Yes. Once again, President George W. Bush leads the way.
"A nation with a billion people, an economic growth rate of 8 percent and a hub position on the Asian map is worth Washington's attention."
Yes. Obviously.
And furthermore, India is scheduled to become the world's largest nation (its population to overtake that of China) within decades, and India is a natural ally in the War on Terror and a natural balance to the ambitions of China, Russia, and the Islamic World (note no mention of increasingly irrelevant Europe.)
Who?
India.
It should be the other way around. China's leaders hold that a future war with the US is inevitable, so it seems the height of stupidity to help finance their military modernization program.
How bitterly ironic would it be, that the money American parents spent on Chinese toys for their children would someday be used to kill these same kids.
What is it about free market ecoomics that people like you don't get? You sound like a socialist DUer. Total tech jobs now in the US are 17% higher than in 2000 and the current jobs pay more than the jobs lost. Got that?
Why is it that chicken littles like you have always been proven wrong. The US economy for the past fifty years has grown stronger and GDP/head is still at the top of the world. That's after manufacturing jobs went to countries where capital can be used more efficently. Same thing with offshoring.
I'll bet you were humming "America the Beautiful" as you typed your comment.
You'll notice that I didn't demand any kind of protectionism, so that kind of shoots your "anti-freemarket" label to hell. Nor did I demand any state intervention, or ramble on about the workers owning the means of production, so your accusation of socialism is equally vapid.
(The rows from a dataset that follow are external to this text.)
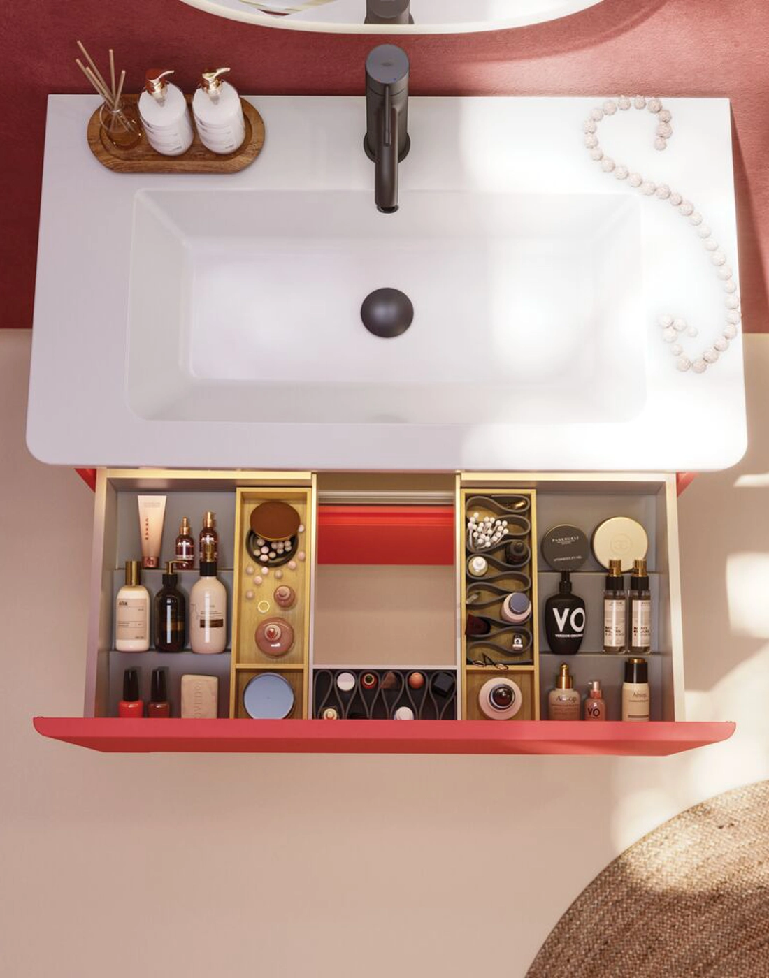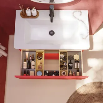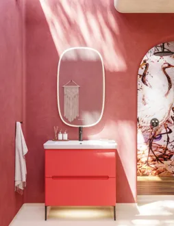 Enhance your bathroom with an elegant vanity unit that combines soft, rounded shapes with a streamlined appearance—perfect for a feminine vintage look. The modern front retains the charm and simplicity of classic dressers, creating a timeless atmosphere with a touch of elegance. The integrated handles in the grooved front emphasize the minimalist design, and you can choose between a clean white color or a unique shade that perfectly suits your personal style. As an extra detail, the unit is available with decorative black legs, giving the bathroom a light and airy feel. NB: There is a start-up fee (BI2) for products with bespoke colour. It is an one-off surcharge per bespoke colour regardless number of products. Remember to add the little practical things to your bathroom furniture that you will enjoy on a daily basis. For example, lights in drawers and cabinets, built-in electrical sockets and dimmed sensor lights under the furniture to guide night-time bathroom visits. Options are ordered at the same time as your furniture.
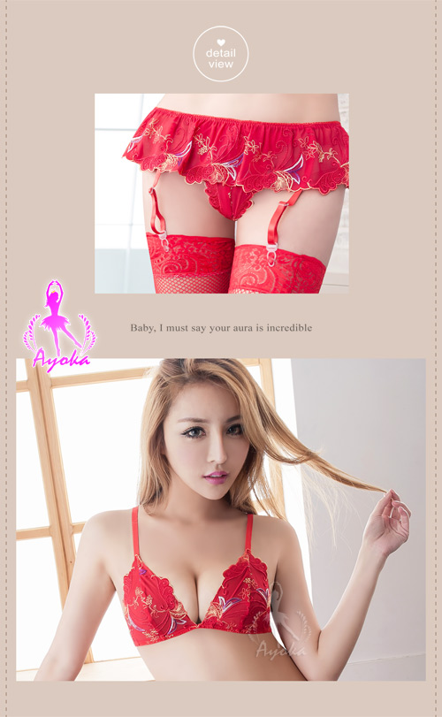 ►您現在的位置:首頁>吊襪帶 火辣紅刺繡網紗性感四件組
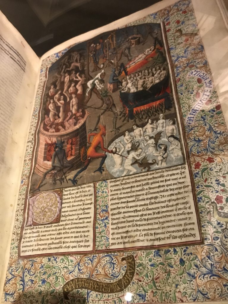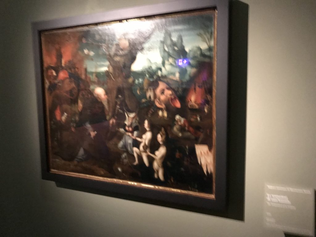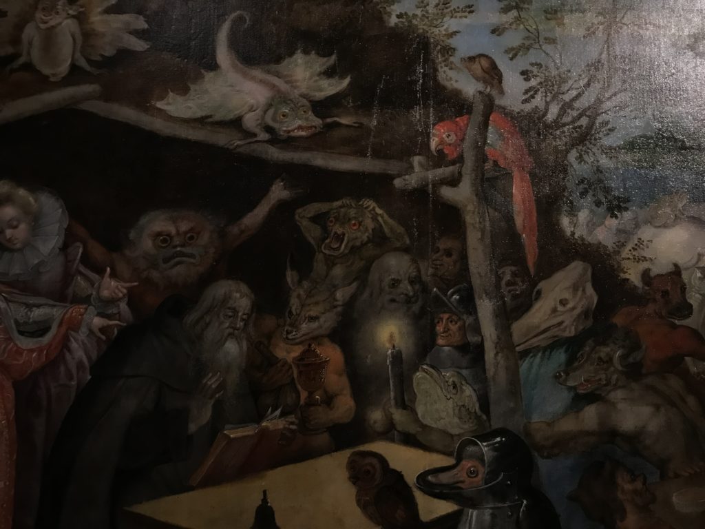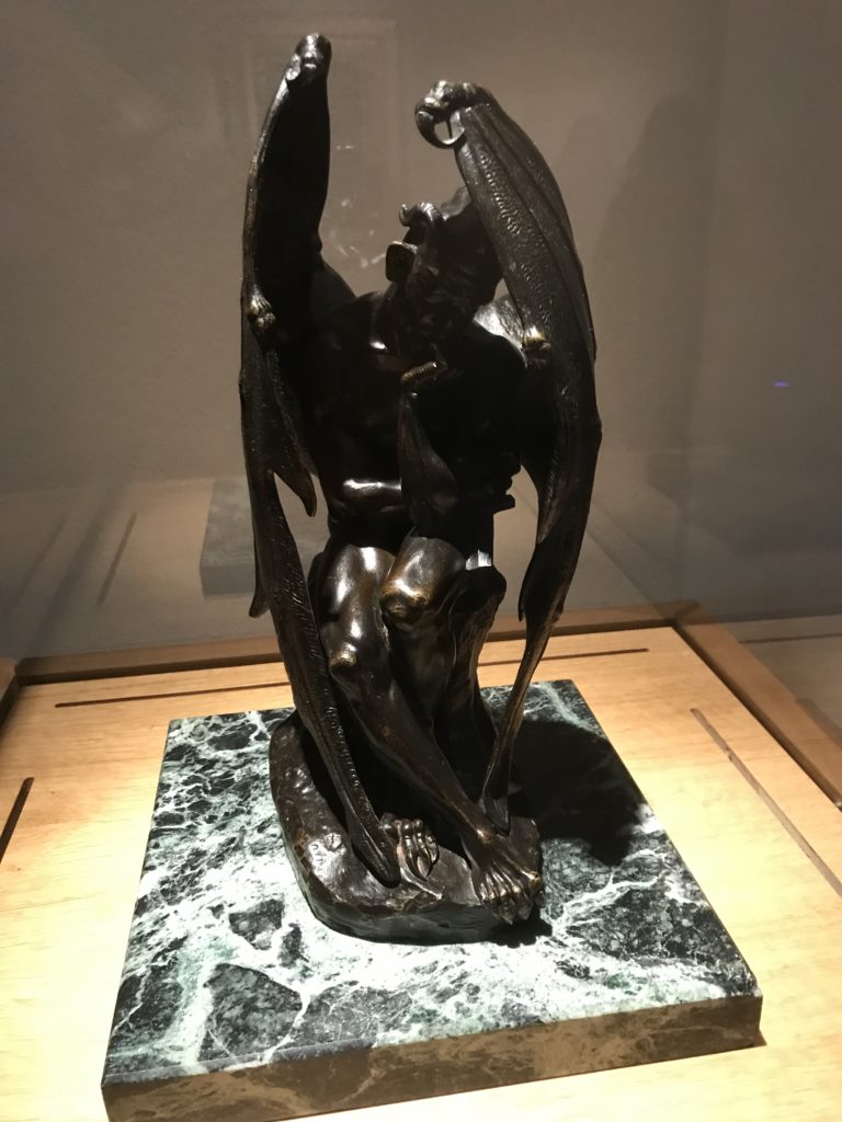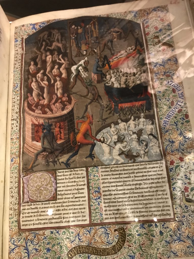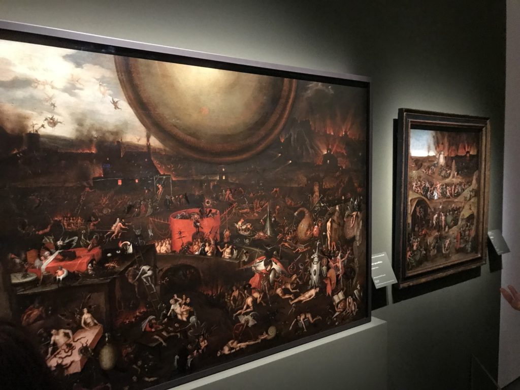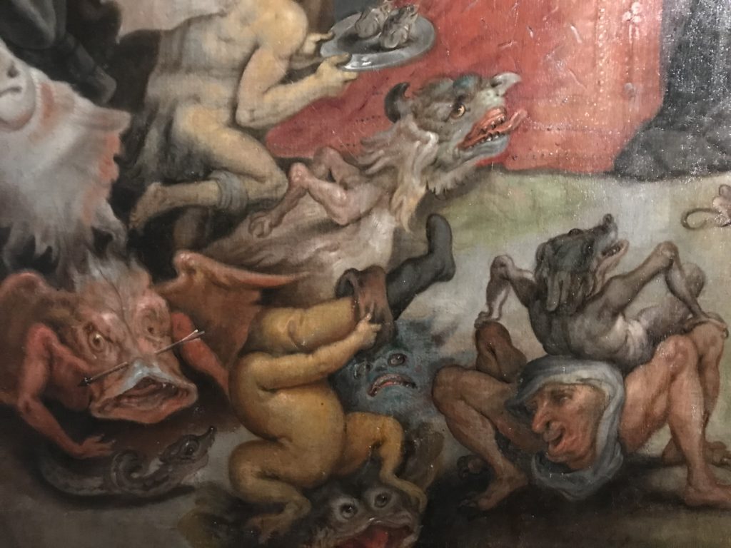L’incontro con l’universo satanico, l’iconografia infernale, il mondo come lo vediamo e la sua distruzione, sono sintetizzati, nella mostra, nei cupi avvertimenti di cui si fa carico la pittura, la scultura, film, allestimenti, libri e oggetti, miniature medievali, teatrini del male, stampe e grafica fino alle interpretazioni psichiatriche del mistero del Male.
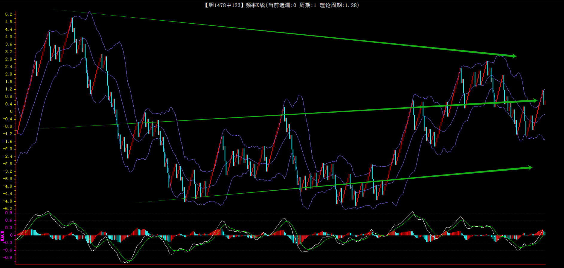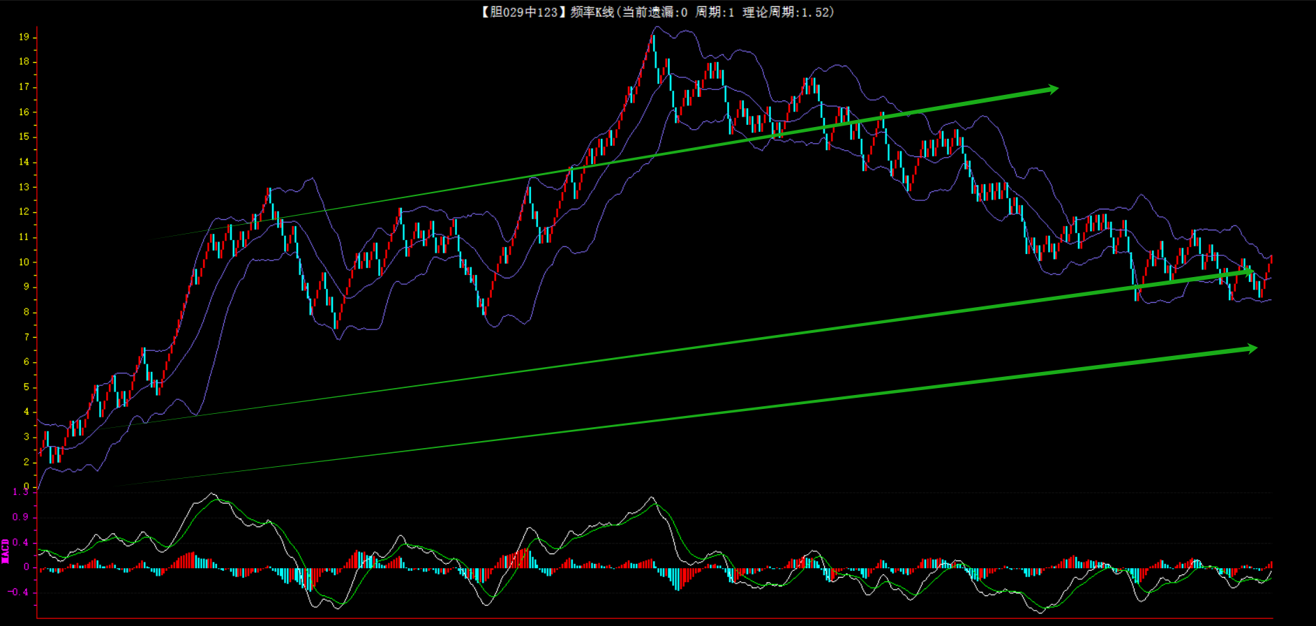 整体趋势上行,上边沿线趋势向上,下边沿趋势也是向上,节点震荡,当前开5期,本期关注。
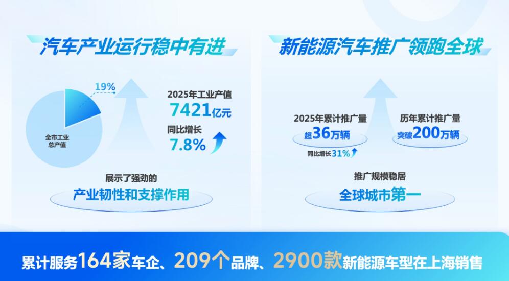 01 财产运行稳中有进,新能源汽车推广领跑全世界 整年汽车规上工业产值7421亿元,同比增加7.8%,占全市规上工业总产值比重达19%。2025年新能源汽车累计推广量超36万辆,同比增加31%;积年累计推广量冲破200万辆,稳居全世界都会首位。累计164家车企、209个品牌、2900款新能源车型于上海发卖。 02 上汽集团智电转型程序加速 上汽集团筑底企稳,重点聚焦自立品牌设置装备摆设及智电技能冲破,整年发卖整车450.7万辆,同比增加12.3%,终端零售销量达467万辆,连结海内行业领先。自立品牌发卖293万辆,新能源汽车发卖164万辆,海外发卖107万辆。估计2025年度实现归属在母公司所有者的净利润为90亿元到110亿元,同比增长438%到558%。智己发布超等增程技能,销量持续4月破万,一段式端到端+多模态(VLM)的智驾年夜模子于LS9首发量产。全新品牌尚界首款车型H5乐成下线。名爵半固态电池量产车型MG4开启交付。合资品牌加快电动化结构,上汽公共首发高端电动品牌Audi,上汽通用至境搭载全世界领先的汽车辅助驾驶算法获市场高度承认。 03 特斯拉多范畴发力 Model Y连续成为全世界最脱销SUV;Model Y L于上海工场全世界首发。12月30日,全世界第900万辆整车在特斯拉上海超等工场下线。2025年交付量达85.1万台,占特斯拉全世界总交付量的52%。2月11日,特斯拉于美国本土之外的首个储能超等工场项目最先投产,从动工到正式投产仅历时9个月。 04 主动驾驶实训场全世界首发 上海打造全世界首个主动驾驶实训场,整年会聚1000万clips高质量数据集。首创基在网约车收罗数据新模式,落地500辆数采车。首创“真实+虚拟”数据双轮驱动智驾年夜模子练习。首创数据管理及运用新模式,体例海内首部《上海主动驾驶实训场数据管理及运用操作指引(1.0)》。 05 高级别主动驾驶引领区设置装备摆设提速 《上海高级别主动驾驶引领区“模速智行”步履规划》发布。方针到2027年,高级别主动驾驶运用场景有序拓展,L4级主动驾驶于智能公交、智能出租、智能重卡范围化运用,载客超600万人次,载货超80万TEU;全市主动驾驶测试门路开放连续举行,场景越发富厚,测试区互联互通;L2级和以上新车出产比例90%,L4级实现量产,要害技能自立可控。形成具备国际竞争力及影响力的智能网联汽车财产集群,基本建玉成球领先的高级别主动驾驶引领区。 06 无驾驶人智能网联汽车运营进入新阶段 为5个结合体、8家企业发放24张智能网联汽车树模运营证。上汽赛可及上汽友道智途双双获颁上海市新一批智能网联汽车树模运营派司。自觉放运营证以来,运营车辆累计接单1.3万次,主动驾驶里程超26万千米。 07 主动驾驶测试门路互联互通再添动能 全市开放测试门路里程冲破5200千米,笼罩三分之一市域面积,此中浦东新区实现全域开放。沪苏智能网联汽车测试运用场景实现互通,年夜虹桥跨区域测试廊道正式形成。发布海内首个超年夜都会全域交通讯号灯数据开放与运用治理办事方案,首批7600个路口数据对于外开放。 08 财产链韧性不停加强,焦点环节冲破显著 锚定电动化、智能化、网联化、国际化标的目的,加年夜新型零部件培育。延锋运用座舱电子立异技能,研发智能座舱软硬一体化解决方案。博泰车联网与商汤自研“擎感年夜模子”,重构智能座舱“第三空间”。汇众结构转向、制动、悬架三年夜智能底盘焦点体系和中心协调运动节制器。地平线征程6P(560TOPS)年夜算力芯片实现量产,基在一端式端到端模子的HSD智驾方案量产上车。禾赛科技发布新一代FTX全固态激光雷达,成为全世界首个量产并交付超200万台的激光雷达企业。普华基础软件灵智安全车控操作体系累计量产2000万套,为海内首个经由过程ASIL-D认证并量产的车用OS。 09 行业管理成效凸起,财产生态不停优化 为鞭策构建整零协作双赢成长生态,上海提倡本市车企规范付款举动,上汽乘用车、特斯拉、智己、上汽通用、上汽公共等车企均承诺不采用贸易承兑汇票等增长供给商资金压力的结算方式,承诺60天内付清货款。 市经信委牵头会同市委网信办、市公安局等六部分建立事情专班,集中开展为期三个月汽车行业收集乱象整治步履,为相干车企乐成措置了不实收集信息、网友歹意评论、背规信息万余条。上海汽车零部件行业协会发布《上海汽车行业净化收集生态步履发起书》,发起全行业配合维护本市汽车财产优良生态。 10 上海车展智绘将来出行 第21届上海国际汽车工业博览会初次设立汽车科技和供给链展区,周全展示主动驾驶、智能网联、人工智能、芯片与半导体、固态电池等全财产链协同的新技能、新结果。市、区和行业协会举办14场专题勾当,展示区位上风、财产基础及成长计划,吸引全世界头部及立异型企业、机构平台等共建财产生态。
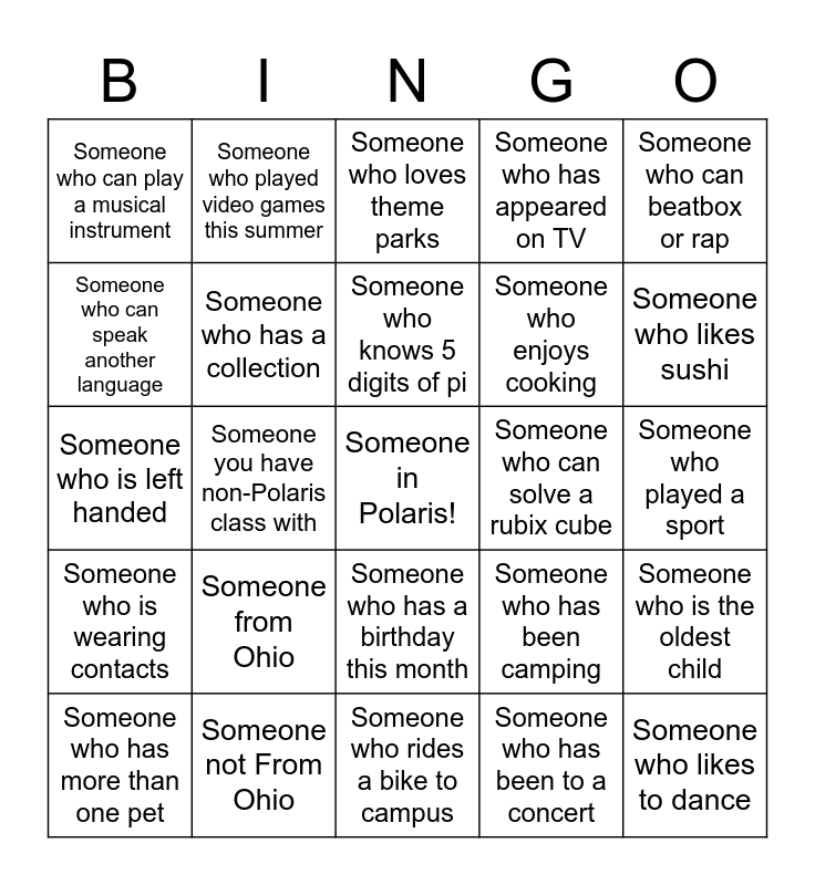 This bingo card has a free space and 24 words: Someone from Ohio, Someone not From Ohio, Someone who knows 5 digits of pi, Someone who has more than one pet, Someone who can beatbox or rap, Someone who can play a musical instrument, Someone who can speak another language, Someone who played video games this summer, Someone who can solve a rubix cube, Someone who has a birthday this month, Someone who enjoys cooking, Someone who is left handed, Someone who has been camping, Someone who is the oldest child, Someone who has a collection, Someone who has been to a concert, Someone who played a sport, Someone who loves theme parks, Someone who likes sushi, Someone you have non-Polaris class with, Someone who likes to dance, Someone who is wearing contacts, Someone who has appeared on TV and Someone who rides a bike to campus.
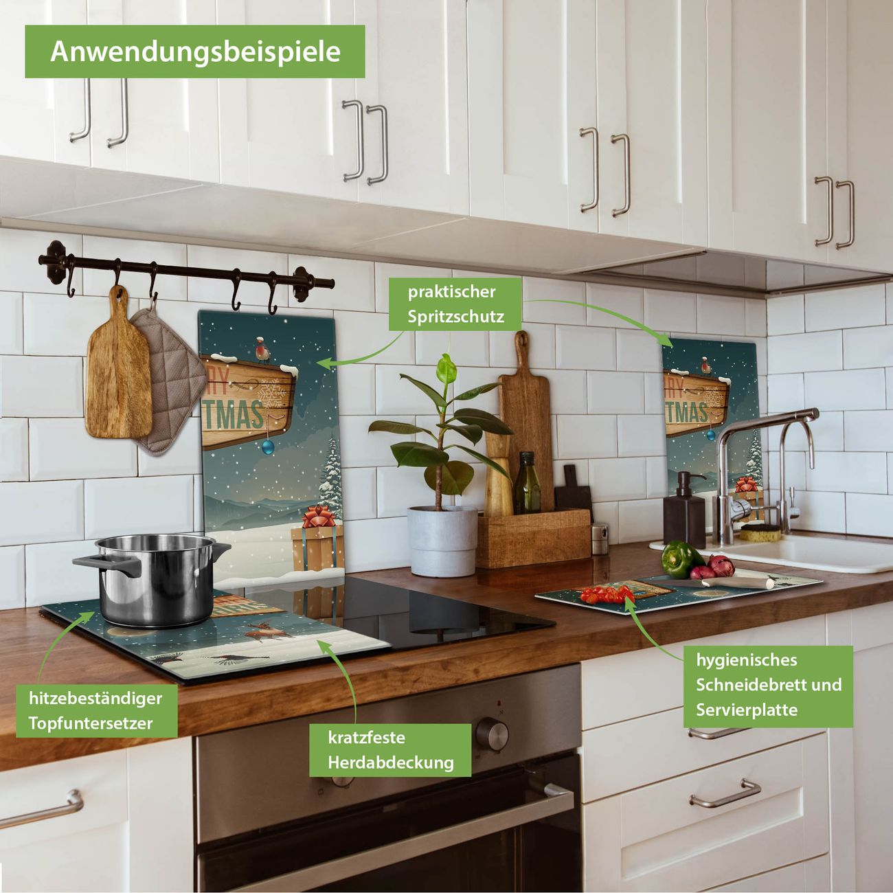 VIELSEITIG: Die Ceranfeldabdeckung ist vielseitig einsetzbar: ob als Spritzschutz hinter dem Herd für Ihre Küche oder als Glas Schneidebrett als hygienische und geruchsneutrale Unterlage. Sie können ebenfalls heiße Töpfe und Pfannen bis 100°C auf der Herdplattenabdeckung abstellen. Sie erhalten ein Multitalent für Ihre Küche. Die banjado Herdabdeckplatte aus Glas mit Motiv Weihnachtsland verdeckt mit einem schönen Motiv Ihr Ceranfeld bzw. Ihren Induktionsherd. Die Herdabdeckplatte ist vielseitig einsetzbar und passt sich dabei Ihrem Einrichtungsstil an. DESIGN: Die Herdabdeckung Weihnachtsland besteht aus hochwertigem, gehärtetem Glas mit einem unserer zahlreichen Motive. Sie haben die Wahl zwischen verschiedenen Maßen von einteiligen, zweiteiligen und einer dreiteiligen Herdabdeckung. Wählen Sie was zu Ihrer Einrichtung passt! DETAILS: Die Herdabdeckplatte ist vielseitig einsetzbar. Die Ecken sind für mehr Sicherheit dezent abgerundet, das Glas ist gehärtet. Sie erhalten separate Gummi Abstandshalter, damit Ihre Abdeckung rutschfest auf dem Herd steht. Diese können Sie frei positionieren, sodass die Herdabdeckung perfekt auf Ihrem Ceranfeld sitzt. BANJADO: Wir sind ein kleines Team aus dem Herzen von Sachsen und fertigen jeden Artikel nach Bestellung eigens für Sie an. Sie erhalten also keine preiswerte Importware, sondern Handarbeit. Auf Wunsch sind auch andere Farben und Größen möglich, kontakierten Sie uns gern.

As to chicken little, I only commented on the reality, not some extrapolated prediction. The jobs HAVE gone overseas. Whether they'll continue to or not, and what changes will arise as a result, unlike you and your freemarket clairvoyant fellow travelers, I cannot tell. Nor did I try.
So STFU and sit down.
Nah, whistling the "Hymn to Red October."
Ok great. So you're in the business of pointing out the obvious. But don't be disingenuous here. Your statement implied that these same families would not be able to feed themselves becuase these jobs are going overseas.
My statement implied that jobs that had been feeding American families were now being given to Indians, presumably to feed Indian families. I'll leave it to others to figure out where the American families now find their dinner.